Legislation and Remediation for Contaminated Land

Seeking assignment help online in the UK? Native Assignment Help is here to alleviate your academic burden. With our user-friendly platform and round-the-clock support, getting top-notch assignments has never been easier.

Introduction: Environmental Hazards of Soil Pollution and Remediation Advances

The land is considered to be contaminated when there are a lot of pollutant substances that are very harmful to us and also to the land. These harmful particles can be present on the top of the ground and also under the ground which makes more trouble for the ground. These particles can also create soil pollution by these harmful particles and sometimes there was water pollution by these substances.

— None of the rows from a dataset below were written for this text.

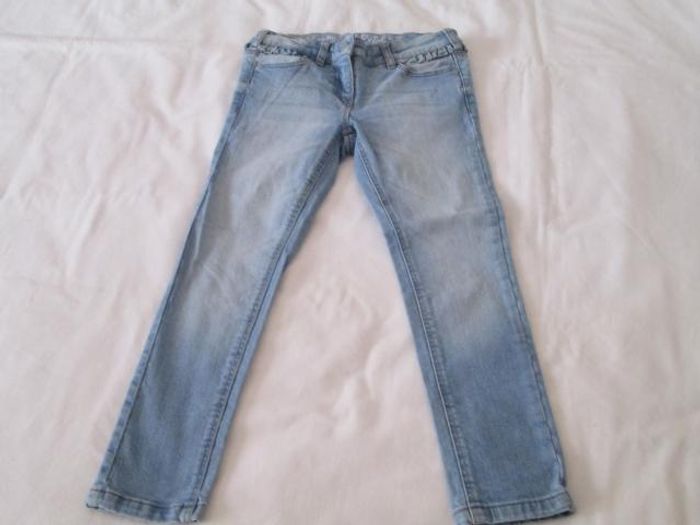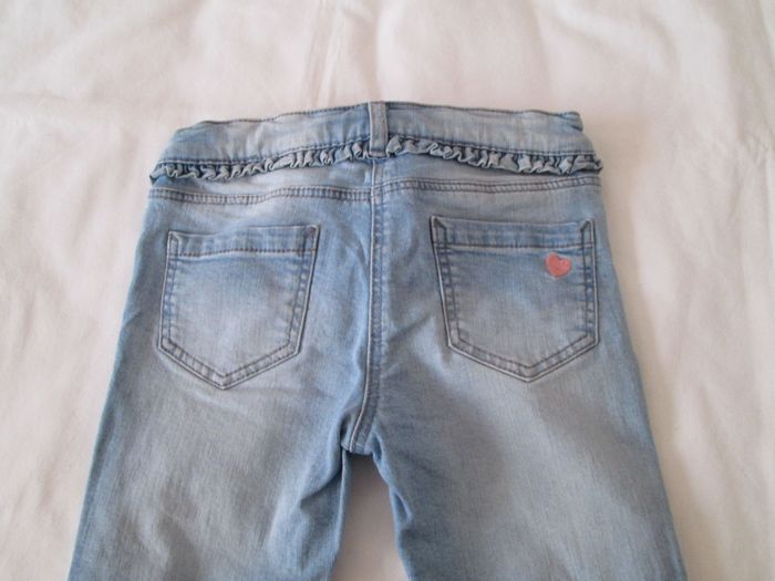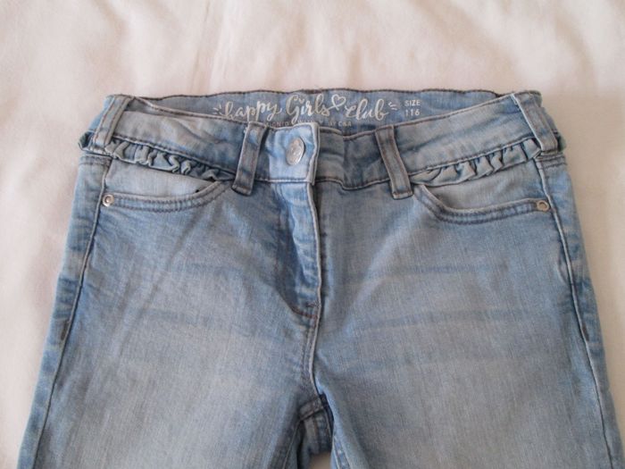 Vends jean clair Happy Girl. Petit volant sous la taille. Petit cœur brodé sur une poche arrière. 99 % coton + 1 % élasthanne. Taille 6 ans. Neuf, jamais porté. N'hésitez pas à consulter mes autre annonces.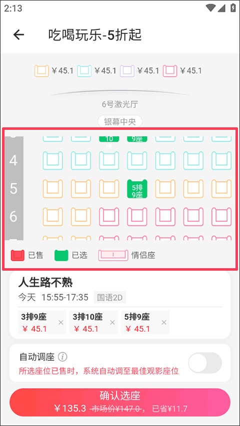 7、接下来,就可以在红色方框内的进行选座,选完座位就可以找到并点击“确认选座”的选项进行付款。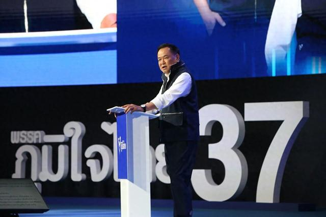 2月6日,泰国看守总理、自豪泰党总理候选人阿努廷在曼谷诗丽吉王后国家会议中心发表竞选演讲。新华社发

Here, because of those harmful particles, the land becomes contaminated and for that reason, the ground has become hazardous for the people and the animals that live there. Sometimes the land beside the contaminated land can also be affected by it and there must be noticed those types of problems. So, every local council must be observed and also lead some surveys under the Environmental Protection Act 1990 which provides a procedure to recognize all the contaminated grounds in their own area.

Task 3


Environmental Protection Act 1995 is the current legislation for all contaminated land where it provides some sections, probably 125 which are divided into five parts, giving the regulation over contaminated lands (Poderati et al. 2022). The environment agency and the Scottish environment protection agency, contaminated land and abandoned mines, national parks, air quality, and the miscellaneous, general, and supplemental provisions are the five parts of the acts. Here the Act displays the establishment of the environment agency and the Scottish environment protection agency to deliver the transfer of the functions, property, requests, and disadvantages to the corporate structures and also conferring other structures for them. To make the condition with respect to the contaminated land, and also to control the pollution. Here the Act also helps to preserve the natural resource and also improve the environment by extracting harmful particles from it (Bikerman et al. 2021).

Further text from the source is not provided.